Neuquén (EP) 31 de Oct. – El desarrollo de Vaca Muerta mejora la oferta de petróleo y gas al tiempo que cae el consumo de electricidad, gas y combustibles por la grave recesión económica.

Las cifras de agosto siguen acentuando las dos caras que atraviesa el sector energético argentino: mientras crece la producción de gas y petróleo por el desarrollo de Vaca Muerta, caen todos los indicadores de consumo, producto de la grave crisis económica que arrastra el país.

Según el Informe de Tendencias Energéticas del IAE Mosconi, la producción de petróleo creció 5,7% en agosto de 2019 respecto al mismo mes de 2018, y el 3,5% en el periodo de los últimos 12 meses acumulados.

Un análisis más detallado indica que la producción de petróleo convencional -que representa el 83,4% del total- sigue disminuyendo en forma crónica con una tasa de 3,3% en el último año.

En contraste el shale oil, que representa el 15,6% del total, creció a una tasa del 56% anual. Mientras que la producción de tight gas permanece estancada.

La producción de gas natural viene en ascenso desde el primer trimestre de 2014.

La producción de petróleo de Vaca Muerta se concentra en tres empresas: YPF, Tecpetrol y Total. La compañía nacional concentra el 74% del aporte de crudo no convencional.

A su vez, la producción de gas natural mejoró en el último año un 5,7%. La senda de crecimiento es una tendencia que se mantiene desde el primer trimestre de 2014.

El shale oil creció a una tasa del 56% anual y el shale gas tuvo una mejora del 137%.

De nuevo, los yacimientos no convencionales son los protagonistas de la mejora, ya que hay una declinación crónica en el gas convencional, que en los últimos 12 meses disminuyó un 8,8%. A eso se suma la caída del 7,8% del tigh gas.

En contraposición, se produjo un importante crecimiento del 137% en el último año en el shale gas que representa el 24,7% del total del gas producido en agosto de 2019. Ese segmento de la industria es liderado por Tecpetrol, YPF y Total.

Cae el consumo

El documento del IAE destaca que la demanda eléctrica disminuyó un 6% en acumulado de los últimos 12 meses con respecto al año anterior.

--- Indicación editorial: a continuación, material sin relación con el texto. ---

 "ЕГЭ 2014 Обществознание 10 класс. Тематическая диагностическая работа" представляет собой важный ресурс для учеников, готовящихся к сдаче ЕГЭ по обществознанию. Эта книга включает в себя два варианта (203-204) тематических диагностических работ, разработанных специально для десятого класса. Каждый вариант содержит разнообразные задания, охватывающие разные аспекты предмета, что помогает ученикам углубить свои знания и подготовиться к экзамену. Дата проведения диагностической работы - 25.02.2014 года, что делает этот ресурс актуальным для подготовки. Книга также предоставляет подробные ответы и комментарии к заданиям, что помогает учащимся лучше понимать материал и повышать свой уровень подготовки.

Mientras que la demanda de gas natural de los sectores residencial, comercial, y entes oficiales cayó en el último año un 4,2%.

En cuanto a los combustibles líquidos, la nafta disminuyó en los últimos 12 meses un 5,3% respecto al año anterior; el gasoil tuvo una caída del 5,3 %.

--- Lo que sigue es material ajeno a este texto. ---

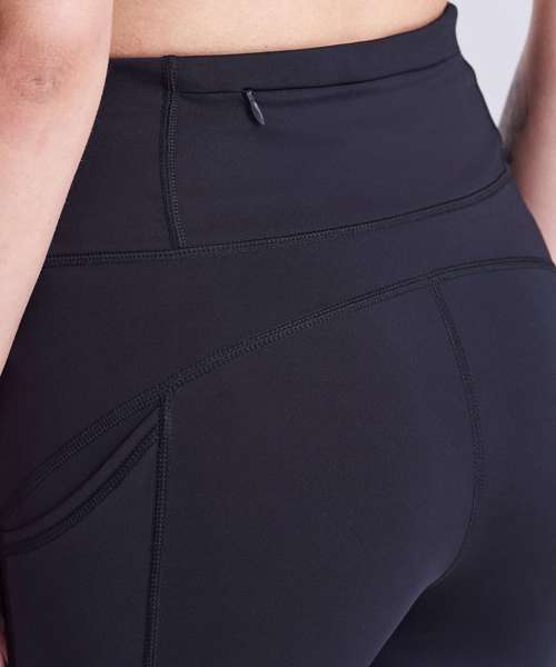 Four-way stretch for maximum movement. Side phone pockets. Adjustable waist cord. Back zip pocket. Ergonomic fit avoiding high-abrasion areas for maximum comfort. Made with recycled polyester.

“El inusual descenso de los indicadores de consumo energético tiene como causas la caída de la actividad económica (PBI), combinado con la caída de los ingresos reales de los hogares y el aumento de precios de los productos de la canasta energética”, señala el informe del IAE.

Los datos del INDEC indican que los precios mayoristas (IPIM) de la energía en agosto de 2019 aumentaron un 62,9% respecto de igual mes de 2018.

El descenso de los indicadores de consumo energético tiene como causas la caída de la actividad económica, combinado con la caída de los ingresos reales de los hogares y el aumento de precios.

Más subsidios

El Informe de las Tendencias Energéticas muestra que la situación fiscal del sector tiende a deteriorarse rápidamente por el fuerte crecimiento de los subsidios energéticos a las empresas del 40,2% en 2019.

Se destacan los fondos destinados a la Resolución 46/17 para el shale gas que tuvo un crecimiento en el año del 847% respecto al año anterior; y el ex Plan Gas que incluyen la producción de gas convencional que ha experimentado este año un crecimiento de 895% respecto al año anterior. Entre ambos suman $ 14.000 millones.

“En resumen, hacia el fin del año 2019 la situación energética presenta un panorama complicado. Hay fuertes tendencias positivas y negativas que se contraponen. Por un lado la caída crónica – y por ahora irreversible- de la producción convencional de hidrocarburos. Por otro el fuerte crecimiento de la producción –todavía minoritaria- de shale oil y shale gas; este último fuertemente subsidiado y sin facilidades de infraestructura de evacuación para llegar a los mercados nacional e internacional”, indica el informe del IAE.

Por otro lado, el balance comercial energético mejora, y Argentina es menos deficitaria que en el pasado; pero esa mejora se deben a dos causas: la mayor producción de petróleo y gas y la baja de la demanda energética por la recesión.

Hay una reducción de la demanda con un valor que se ubica cercano al 5% en promedio, mientras que el incremento de la producción de hidrocarburos crece un 4,6 %.